Allowed tools must match the declared execution scope. Write tools such as apply_patch require writable paths and cannot be placed on low-risk read-only tasks, while publishing tools such as git.push and github.open_pr require approval-gated children.

Review Snapshots

src/review.ts provides pure snapshot builders for plan and graph review UX. buildOrchestrationPlanReviewSnapshot takes an OrchestrationTaskDecompositionPlan plus its OrchestrationPlanValidationResult and summarizes validation failures, warnings, worker write boundaries, dependencies, verification requirements, and approval-gated children.
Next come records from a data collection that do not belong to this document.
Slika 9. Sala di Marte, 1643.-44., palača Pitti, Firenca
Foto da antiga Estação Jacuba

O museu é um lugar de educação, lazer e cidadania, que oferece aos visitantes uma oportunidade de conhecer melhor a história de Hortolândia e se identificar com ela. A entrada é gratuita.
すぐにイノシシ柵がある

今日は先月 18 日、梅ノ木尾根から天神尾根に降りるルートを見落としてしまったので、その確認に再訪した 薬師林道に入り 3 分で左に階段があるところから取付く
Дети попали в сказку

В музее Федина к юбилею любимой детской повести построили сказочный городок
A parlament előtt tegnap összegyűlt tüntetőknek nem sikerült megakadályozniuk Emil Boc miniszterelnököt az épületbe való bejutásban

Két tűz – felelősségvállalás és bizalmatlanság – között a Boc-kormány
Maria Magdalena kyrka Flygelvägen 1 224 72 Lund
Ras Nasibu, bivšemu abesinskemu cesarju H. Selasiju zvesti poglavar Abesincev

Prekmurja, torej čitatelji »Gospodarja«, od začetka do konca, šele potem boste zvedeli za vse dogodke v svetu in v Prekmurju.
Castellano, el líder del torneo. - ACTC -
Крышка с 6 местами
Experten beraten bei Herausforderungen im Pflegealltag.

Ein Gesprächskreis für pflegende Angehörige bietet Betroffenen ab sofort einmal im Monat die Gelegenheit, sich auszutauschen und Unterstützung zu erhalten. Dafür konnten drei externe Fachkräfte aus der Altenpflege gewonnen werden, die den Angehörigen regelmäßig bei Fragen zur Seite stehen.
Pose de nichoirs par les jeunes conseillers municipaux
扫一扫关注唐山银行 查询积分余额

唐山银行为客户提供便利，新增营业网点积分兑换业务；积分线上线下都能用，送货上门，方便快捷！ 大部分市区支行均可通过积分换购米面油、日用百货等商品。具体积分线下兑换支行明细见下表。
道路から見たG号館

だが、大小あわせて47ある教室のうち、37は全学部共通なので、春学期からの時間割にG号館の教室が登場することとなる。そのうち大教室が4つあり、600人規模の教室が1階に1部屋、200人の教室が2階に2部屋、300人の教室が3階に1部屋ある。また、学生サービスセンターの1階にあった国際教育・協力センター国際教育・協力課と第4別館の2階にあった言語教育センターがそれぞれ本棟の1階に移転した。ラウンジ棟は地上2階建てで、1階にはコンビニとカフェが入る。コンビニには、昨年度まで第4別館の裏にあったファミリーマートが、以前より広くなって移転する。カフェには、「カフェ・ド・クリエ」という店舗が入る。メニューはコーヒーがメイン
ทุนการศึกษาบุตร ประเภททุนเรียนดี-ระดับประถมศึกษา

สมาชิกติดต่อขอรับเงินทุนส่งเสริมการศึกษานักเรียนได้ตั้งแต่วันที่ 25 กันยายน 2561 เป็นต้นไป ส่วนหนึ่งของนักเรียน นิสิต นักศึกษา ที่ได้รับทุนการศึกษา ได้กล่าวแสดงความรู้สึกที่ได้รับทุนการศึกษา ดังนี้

buildOrchestrationGraphReviewSnapshot takes an OrchestrationTaskGraphSnapshot and optional OrchestrationTaskGraphResultSnapshot to summarize worker state, runtime identity, result classification, and final synthesis readiness. Synthesis is reported as not_ready until the neutral parent synthesis record exists, and ready once that record is present.

Result and Synthesis Substrate

The orchestration boundary already has the neutral M30 result shape. Worker outputs are represented by OrchestrationTaskResultRecord, parent outcomes by OrchestrationSynthesisRecord, and graph inspection by OrchestrationTaskGraphResultSnapshot. Classifications are intentionally small and product-facing: completed, partial, conflicted, and failed.

plato.get_task_graph_results exposes those records to CLI/MCP callers without requiring knowledge of the backend runtime. When a runtime supports graph result reconciliation, neutral result inspection asks it to backfill missing terminal child results and syntheses before returning the snapshot. Events can also carry result and synthesis identifiers so callers can correlate collection and synthesis activity with graph lifecycle events.

The M30 product slice should therefore wire runtime collection, reconciliation, and parent synthesis behind these contracts rather than introduce new surface area. A reviewable slice should collect one durable result per terminal child task, create the parent synthesis only after every child has a result, and keep the classification visible through graph result inspection.

Development Notes

  • Run tests with pnpm --filter @bensigo/plato-orchestration test.
  • Run type-checking with pnpm --filter @bensigo/plato-orchestration typecheck.